> **Data excerpts**:
_ _ _ _

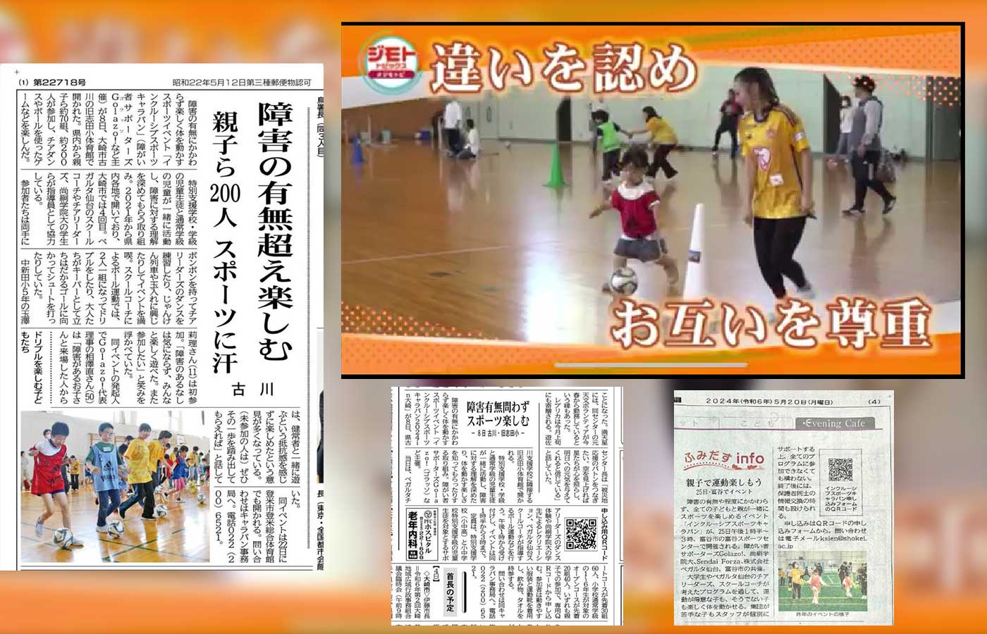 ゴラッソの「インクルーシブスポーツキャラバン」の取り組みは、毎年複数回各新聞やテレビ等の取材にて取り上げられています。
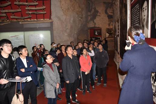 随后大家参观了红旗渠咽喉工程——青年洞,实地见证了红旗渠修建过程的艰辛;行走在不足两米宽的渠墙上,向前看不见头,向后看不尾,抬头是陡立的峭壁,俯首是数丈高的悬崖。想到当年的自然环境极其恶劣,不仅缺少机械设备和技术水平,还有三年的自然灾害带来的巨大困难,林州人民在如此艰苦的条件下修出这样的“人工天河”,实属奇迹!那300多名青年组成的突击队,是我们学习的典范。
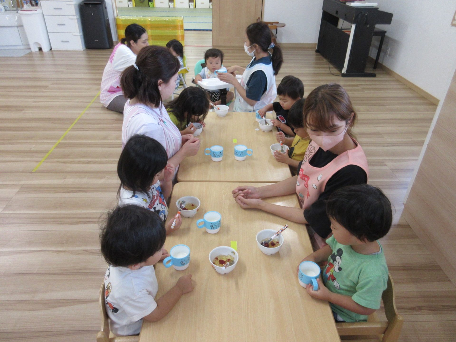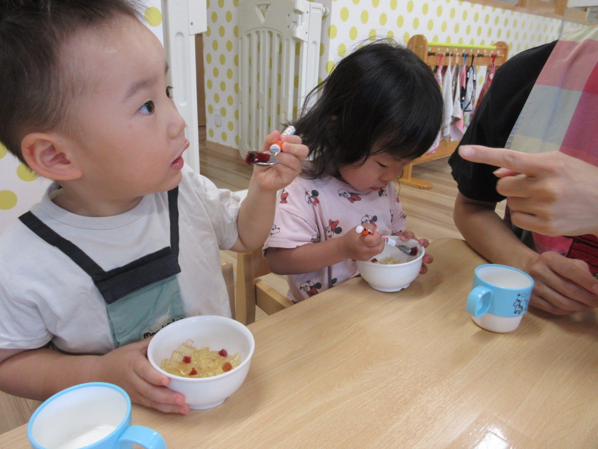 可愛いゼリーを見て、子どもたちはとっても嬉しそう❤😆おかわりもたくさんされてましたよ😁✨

_ _ _ _

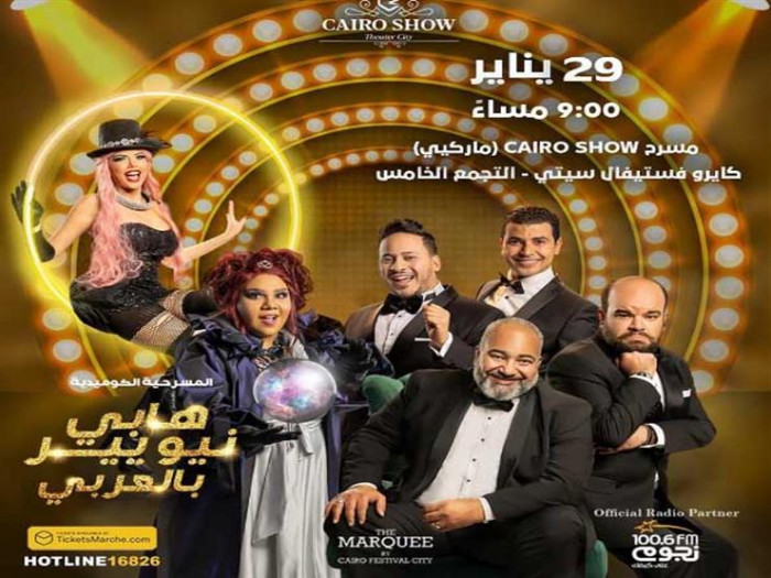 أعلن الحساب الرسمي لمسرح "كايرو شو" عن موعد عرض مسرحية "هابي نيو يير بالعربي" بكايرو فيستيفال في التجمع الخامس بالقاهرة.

_ _ _ _

> **Problem statement**: Print exactly, with no pictures, the lines above from the one that holds "随后大家参观了红旗渠咽喉工程" through the one that holds "可愛いゼリーを見て、子どもた", both of them included.

> **Response below**:
 随后大家参观了红旗渠咽喉工程——青年洞,实地见证了红旗渠修建过程的艰辛;行走在不足两米宽的渠墙上,向前看不见头,向后看不尾,抬头是陡立的峭壁,俯首是数丈高的悬崖。想到当年的自然环境极其恶劣,不仅缺少机械设备和技术水平,还有三年的自然灾害带来的巨大困难,林州人民在如此艰苦的条件下修出这样的“人工天河”,实属奇迹!那300多名青年组成的突击队,是我们学习的典范。
 可愛いゼリーを見て、子どもたちはとっても嬉しそう❤😆おかわりもたくさんされてましたよ😁✨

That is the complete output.